2. É um tipo de saber que tem quatro características: (1) enfrenta-se com a totalidade do Universo, (2) porque quer chegar às raízes últimas do mundo e da vida, (3) com a finalidade de fixar o destino do mundo e da vida, (4) para poder assim dirigir os atos do homem.
3. Os sábios orientais nos contam em narrações (chamadas de “mitologias”) o nascimento dos deuses (chamado de “teogonia”) e o nascimento do Universo (chamado de “cosmogonia”) pela ação dos deuses ou de agentes extramundanos: o céu e a terra são produto dos deuses; esses deuses não têm nada a ver com a “índole” do céu e da terra.
4. O conteúdo da sabedoria oriental é, sobretudo, “presságio”: a teogonia se prolonga numa cosmogonia que nos mostra o lugar que cada coisa tem no mundo, quer dizer, a hierarquia de potestades que debruçam sobre ele; por isso, o sábio oriental o que faz é interpretar o sentido dos eventos: o olhar do sábio se detém no espetáculo da totalidade do Universo simplesmente para referi-la a um pretérito, relatando a origem dela, e para projetá-la num futuro, adivinhando o sentido dela.
B. A nova sabedoria indo-grega
1. No mundo indo-europeu, um dia, o olhar do sábio se detém “admirado” no espetáculo da totalidade do Universo nela mesma; nesse momento, as coisas apresentam-se-lhe ao sábio como que assentadas na mole compacta do Universo e agitando-se nela.
2. Bastou este momento de detenção admirada da mente do sábio no Universo em si mesmo, para separar os sábios hindus e gregos do resto dos sábios: a cosmogonia dos sábios hindus e gregos começa a conter algo muito diferente, porque a sabedoria deles deixa de ser simples “presságio” para converter-se, ademais e sobretudo, em “veda” e em “sophía”.
3. A sabedoria hindu (veda)
a.
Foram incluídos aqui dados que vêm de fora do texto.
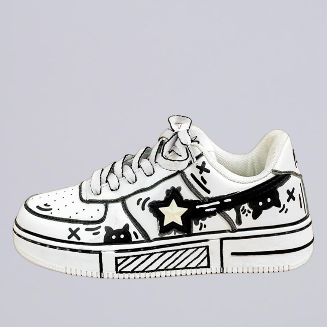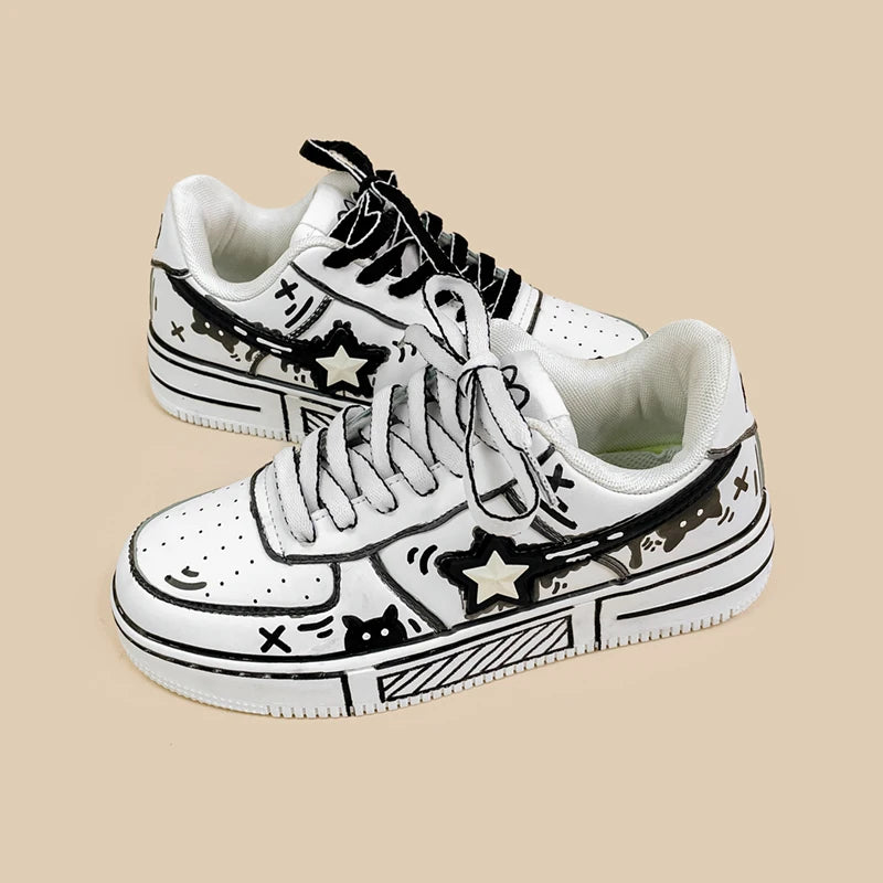 *CLEARANCE* Hand Painted Bold Contrast Casual White Shoes - Unisex

Conteúdo fundamental
= Em alguns hinos védicos, nos Brâmanes e nos Upanixades mais antigos, há referências ao conjunto do Universo nele mesmo, quer dizer, a tudo aquilo que há e àquilo que não há no Universo “enquanto tal”; esses textos afirmam que o Universo inteiro se acha assentado numa raiz divina: no absoluto (bramã).
= Mas o sábio hindu se dirige ao Universo para evadir-se dele ou para submergir-se na sua raiz divina, no bramã; o sábio hindu faz desta evasão ou imersão a chave da sua existência: é a busca da identidade do atmã (o espírito do homem) com o bramã (o absoluto); o sábio hindu sente-se assim parte dum tudo absoluto e a ele reverte.
= O veda, a sabedoria hindu, portanto, tem, antes de tudo, caráter “operativo”: é verdade que algum dia pretenderá passar por etapas que podem assemelhar-se a um conhecimento quase “especulativo”, mas este tipo de conhecimento é sempre uma ““ação” cognitiva” orientada para o absoluto, para a comunhão com ele.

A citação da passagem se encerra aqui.